==== Extracted entries ====

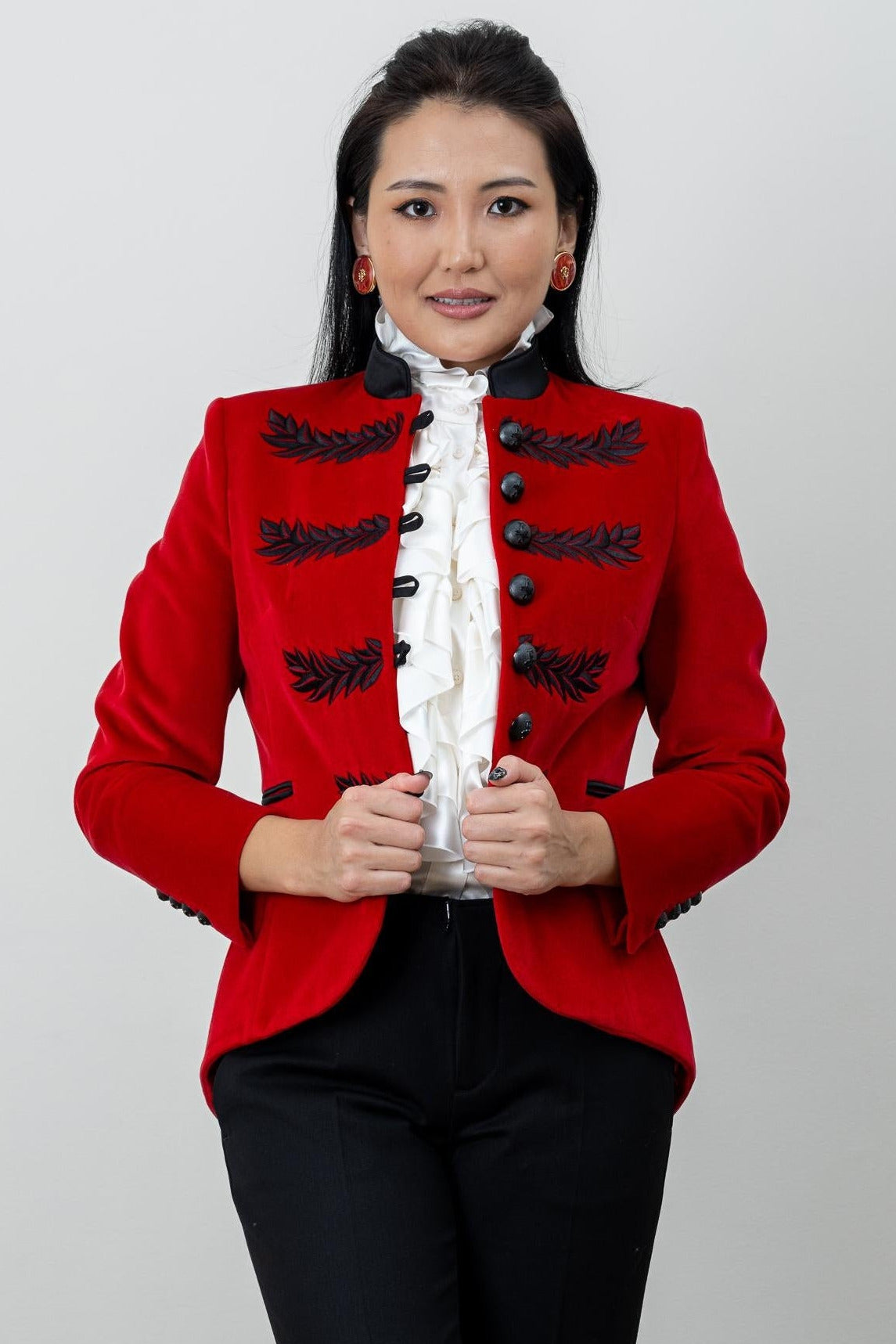 The RENATA VELVET RED BLAZER is more than fashion—it’s a statement of style and awareness. This exquisite red velvet tailcoat, crafted with our brand’s iconic pattern, ensures a flawless fit that enhances the feminine silhouette with timeless sophistication.
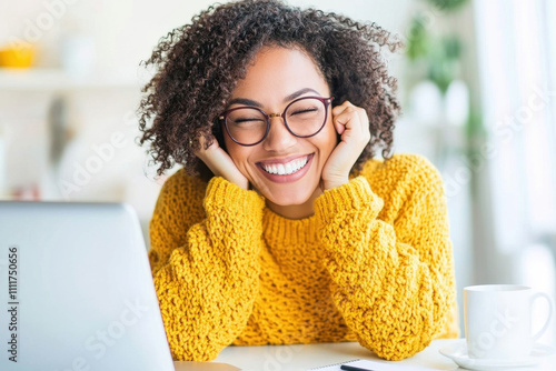 Happy woman in yellow sweater working on laptop at home
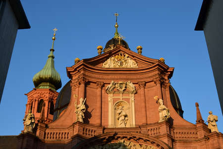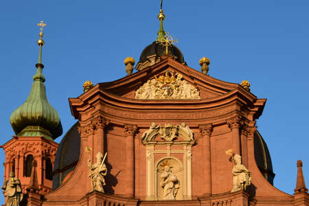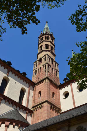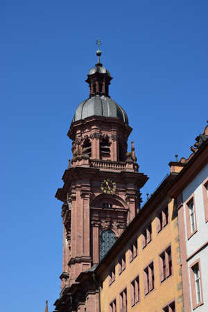Bell tower of the Basilica of St. John the Baptist in Wurzburg, Germany
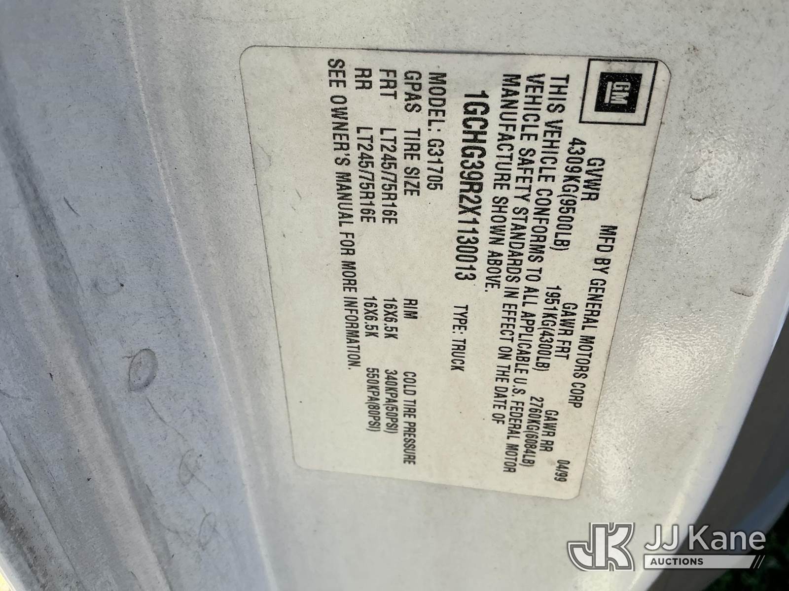 1999 Chevrolet Express G3500 Extended Cargo Van, 8-cyl, 4-Speed Automatic, GAS, A/C, with ladder rack, (Exempt from Odometer Disclosure - Reads 129,232 miles) Hillsborough County School Board Unit (Runs & Moves) ( Paint Damage, Body Damage) (FL Residents Purchasing Titled Items - tax, title & registration fees will be collected at the maximum rate of $400.00 under 25,999 and $800.00 for Over 26,000 and $250.00 trailers - Proof of insurance is mandatory; Out of State Residents Purchasing Title Items - tax will be collected based upon your state rate.) This is a Titled Item NOTE: This unit is being sold AS IS/WHERE IS via Timed Auction and is located in Thonotosassa, FL. Inspection & preview days for this unit are the 2 business days prior to the first day of items closing for this auction, item is located at 11720 N US 301 Thonotosassa, Fl 33592 and hours of operations are 8a-4p. For pre-sale questions, please contact Office Staff @ (813) 986-2485. (Buyer is responsible for removal. Assistance by consignor or JJ Kane Auctioneers is not assured.)
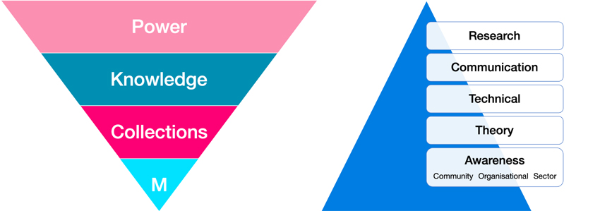 Left: Model of museum power based on an inverted pyramid; right: Competencies in five key areas of skill and awareness © Tehmina Goskar /Curatorial Research Centre

====

--- Task requirements ---
Reproduce, word for word, everything in the listing above from the line containing "Happy woman in" down to the line containing "Bell tower of", both of them included. No pictures.

--- The completed task ---
 Happy woman in yellow sweater working on laptop at home
Bell tower of the Basilica of St. John the Baptist in Wurzburg, Germany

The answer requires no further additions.